YOUR GOAL: In the material below, find the line containing "The 6th Bell" and output it and all lines after it exactly, through the last one, without the pictures.

PROVIDED DATA:
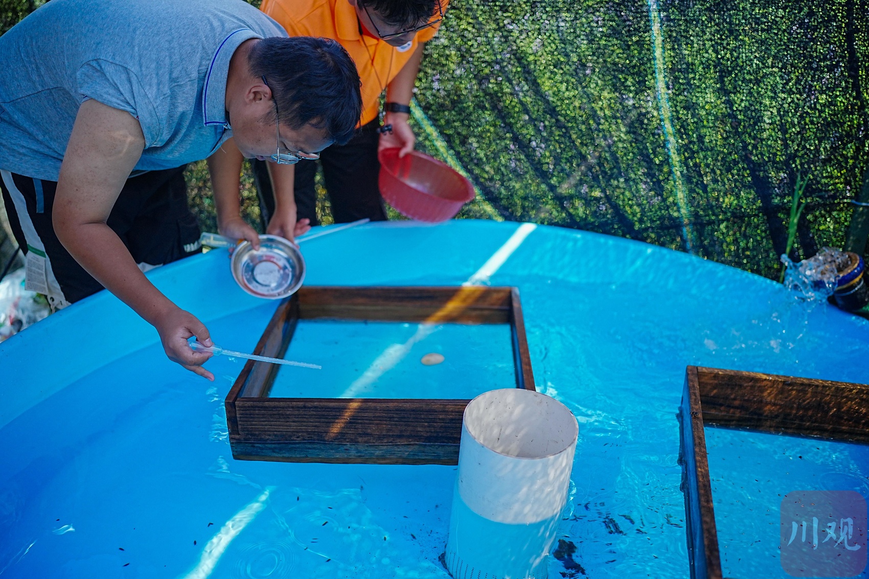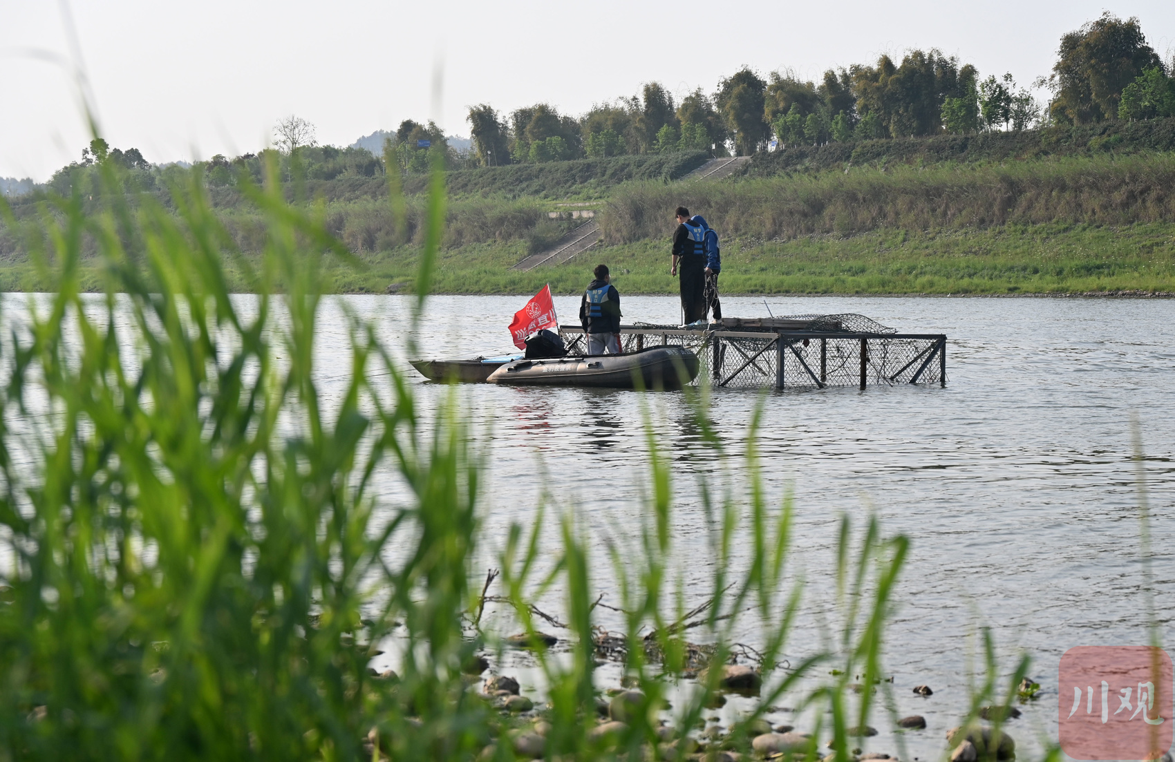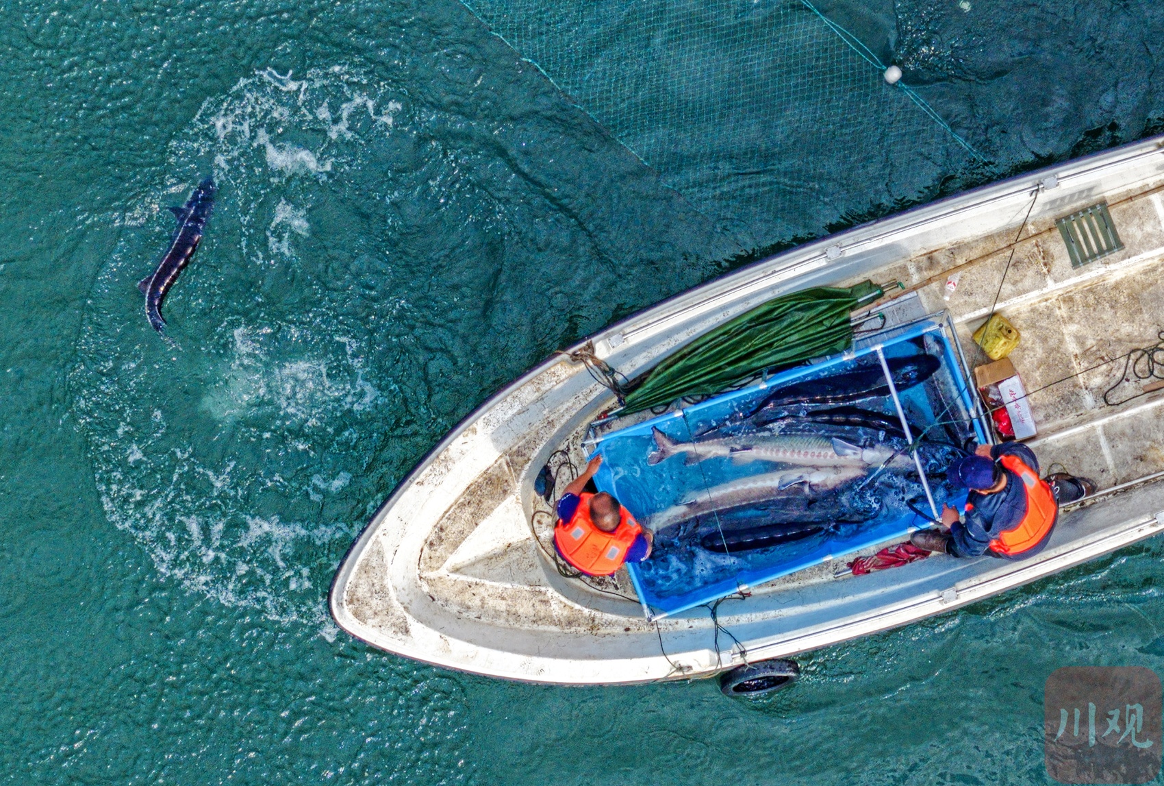 2023年4月,科研人员在江安县长江河道中进行长江鲟试验。
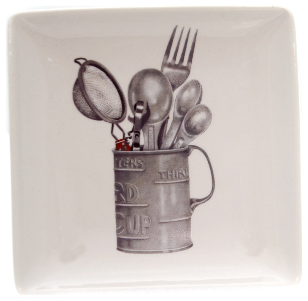 Tabletop 4 Square Stoneware Dish Ceramic Spoon Rest Decor Da9401a
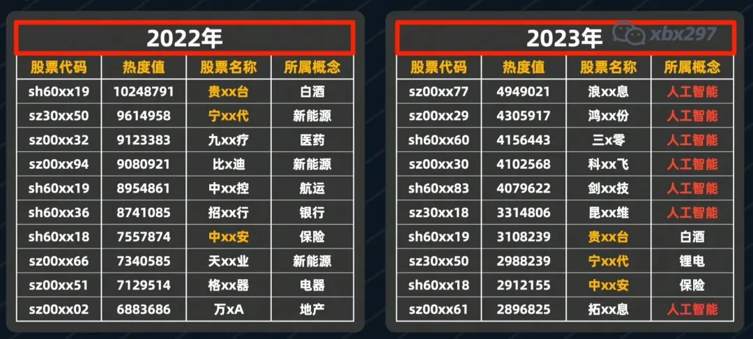 2022年的热点较散乱,2023年最热门的股票则大多集中在AI概念,只有三只股票连续两年稳坐热搜前十。
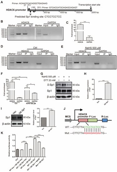 H2S S-sulfhydrates transcription factor Sp1 to inhibit HDAC6 expression in rRAFLS. (A) Predicted Sp1 binding site on HDAC6 promoter and specific HDAC6 primer. (B,D,E) The ChIP–PCR products were analyzed by 3% agarose gel electrophoresis. (C,F) RT-qPCR was applied to quantify fold of enrichment after IP. Cells were treated with NaHS (500 μM) for 12 h in E and F. (G) The protein levels of total Sp1 and S-sulfhydrated Sp1 (S-Sp1) after NaHS (30 min) or DTT (10 min) treatment were detected by Western blotting. (H) The gene and (I) protein levels of Sp1 after transfection with overexpression plasmid (OE-Sp1) for 12 h and 24 h were detected by Western blotting and RT-qPCR, respectively. (J) Illustration for HDAC6 wildtype (WT) and mutant (Mut) promoter cloned and inserted into plasmids. (K) The ratios of dual-luciferase activity were calculated after transfection with WT vector (WT-Vec), WT, or Mut of HDAC6 promoter plasmids together with Sp1 overexpression plasmid (OE-Sp1) or its negative control OE-Sp1-Vec for 6 h. Then, in WT + OE-Sp1 + NaHS group, rRAFLS were treated with NaHS (100 μM) for another 12 h. Bars indicate the mean ± SEM. * p < 0.05, ** p < 0.01, *** p < 0.001. In (C,F,H,I,K), n = 3 in each group.
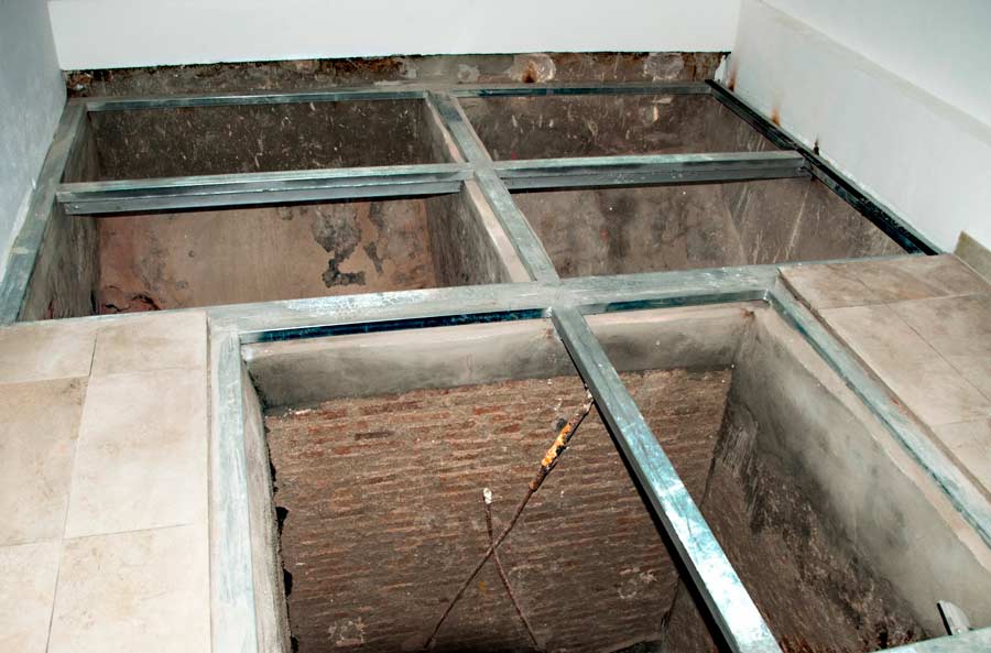 Los silos plenamente integrados en lo que será sala de exposiciones. Se podrá ver el interior de estos desde la superficie del suelo gracias a unos paneles de cristal.
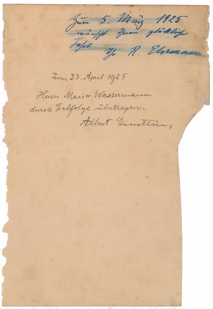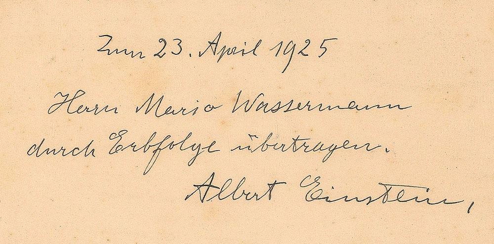 Vintage fountain pen signature and inscription in German, "23 April 1925, Hern Mario Wassermann, durch Erbfolge ubertragen, Albert Einstein,” on an off-white 6.25 x 9.25 sheet. An inscription in another hand is present at the top of the page. In very good to fine condition, with very slight foxing, and trimming and damage to the edges which could easily all be matted out (as shown in the illustration) to produce an excellent signature for display.
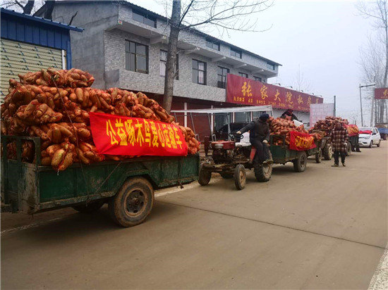1月14日12時30分,滿載10萬斤愛心蘿卜的農(nóng)用車從張老家行政村整裝待發(fā)。這些愛心蘿卜將被運到周口經(jīng)濟開發(fā)區(qū)廣場(南廣場)、周口精神病院、長青街中屹縫紉機商場等地向環(huán)衛(wèi)工人及弱勢群體發(fā)放。記者 黃佳 攝
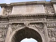 Winged figures, very often in pairs, representing victory and referred to as winged victories, are common in Roman official iconography, typically hovering high in a composition, and often filling spaces in spandrels or other gaps in architecture.[9] These represent the "spirit of victory" rather than a full-blown deity. Pairs of winged victories continued to appear after the Christianization of the Roman Empire and gradually evolved into depictions of Christian angels.[10] A pair, facing inwards, fitted very conveniently into the spandrels of arches, and have been very common in Triumphal arches and similar designs where a circular element is framed by a rectangle.
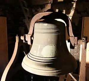 The 6th Bell in the Chime, showing the inscription "STRENGTH AND BEAUTY ARE IN HIS SANCTUARY." from Psalm 96. This bell rings a C♯ and weighs 650 lb (290 kg).
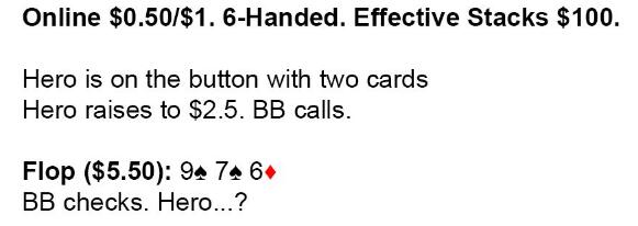 9. 这是一手合理的随后check牌,因为它不会从下注那儿得到多少保护,而且踢脚牌比较差,难以从弱牌那儿得到价值。虽说如此,在这种场合用几乎100%的频率做小额下注也是一种软件认可的策略。因此,只要你是用宽范围做小额下注,下注也是合理的。

EXERCISE SOLUTION:
 The 6th Bell in the Chime, showing the inscription "STRENGTH AND BEAUTY ARE IN HIS SANCTUARY." from Psalm 96. This bell rings a C♯ and weighs 650 lb (290 kg).
 9. 这是一手合理的随后check牌,因为它不会从下注那儿得到多少保护,而且踢脚牌比较差,难以从弱牌那儿得到价值。虽说如此,在这种场合用几乎100%的频率做小额下注也是一种软件认可的策略。因此,只要你是用宽范围做小额下注,下注也是合理的。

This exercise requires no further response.